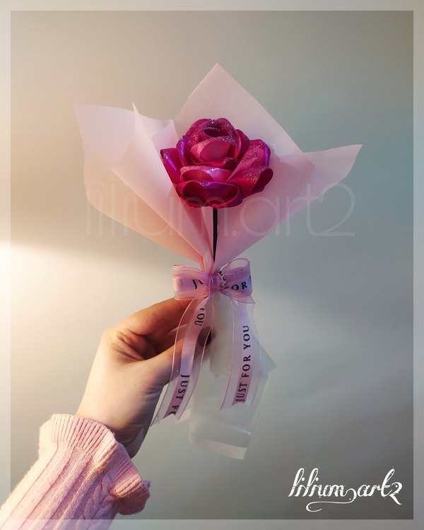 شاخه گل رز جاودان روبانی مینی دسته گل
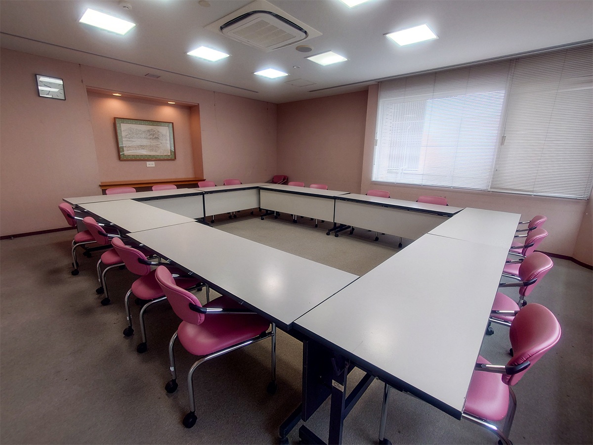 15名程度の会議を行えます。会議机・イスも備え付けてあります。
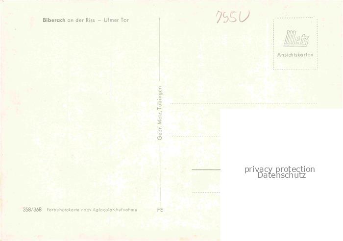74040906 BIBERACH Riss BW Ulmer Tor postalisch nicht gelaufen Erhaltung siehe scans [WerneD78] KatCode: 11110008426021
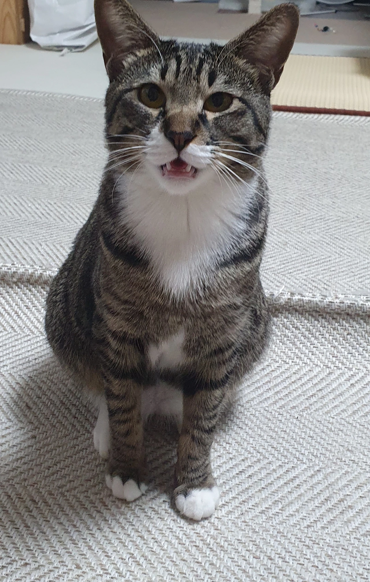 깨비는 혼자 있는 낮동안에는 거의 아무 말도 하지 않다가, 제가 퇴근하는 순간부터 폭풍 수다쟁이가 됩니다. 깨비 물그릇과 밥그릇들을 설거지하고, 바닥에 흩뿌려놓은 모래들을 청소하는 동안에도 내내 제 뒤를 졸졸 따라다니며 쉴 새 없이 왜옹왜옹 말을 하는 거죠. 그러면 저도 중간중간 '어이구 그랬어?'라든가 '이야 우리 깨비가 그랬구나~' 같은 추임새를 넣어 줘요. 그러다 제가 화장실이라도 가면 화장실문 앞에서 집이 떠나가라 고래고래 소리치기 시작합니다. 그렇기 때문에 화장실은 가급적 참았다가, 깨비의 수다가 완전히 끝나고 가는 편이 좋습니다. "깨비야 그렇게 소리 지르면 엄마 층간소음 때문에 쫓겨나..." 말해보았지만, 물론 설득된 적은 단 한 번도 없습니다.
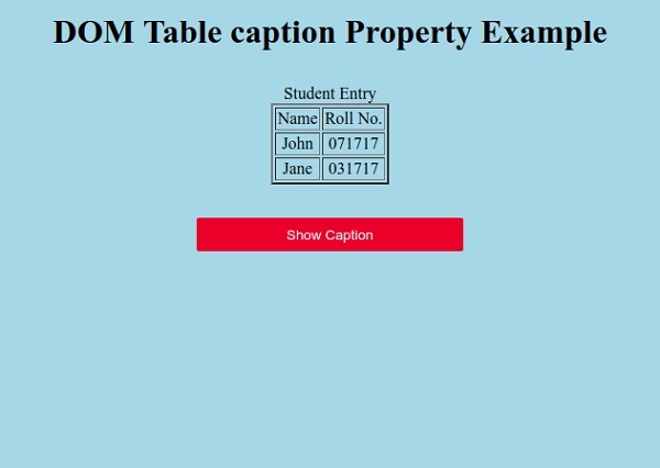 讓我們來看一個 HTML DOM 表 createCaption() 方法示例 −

* **Exercise aim**
Please return the records above exactly as written, dropping every picture.

* **Output of the exercise**
 شاخه گل رز جاودان روبانی مینی دسته گل
 15名程度の会議を行えます。会議机・イスも備え付けてあります。
74040906 BIBERACH Riss BW Ulmer Tor postalisch nicht gelaufen Erhaltung siehe scans [WerneD78] KatCode: 11110008426021
 깨비는 혼자 있는 낮동안에는 거의 아무 말도 하지 않다가, 제가 퇴근하는 순간부터 폭풍 수다쟁이가 됩니다. 깨비 물그릇과 밥그릇들을 설거지하고, 바닥에 흩뿌려놓은 모래들을 청소하는 동안에도 내내 제 뒤를 졸졸 따라다니며 쉴 새 없이 왜옹왜옹 말을 하는 거죠. 그러면 저도 중간중간 '어이구 그랬어?'라든가 '이야 우리 깨비가 그랬구나~' 같은 추임새를 넣어 줘요. 그러다 제가 화장실이라도 가면 화장실문 앞에서 집이 떠나가라 고래고래 소리치기 시작합니다. 그렇기 때문에 화장실은 가급적 참았다가, 깨비의 수다가 완전히 끝나고 가는 편이 좋습니다. "깨비야 그렇게 소리 지르면 엄마 층간소음 때문에 쫓겨나..." 말해보았지만, 물론 설득된 적은 단 한 번도 없습니다.
 讓我們來看一個 HTML DOM 表 createCaption() 方法示例 −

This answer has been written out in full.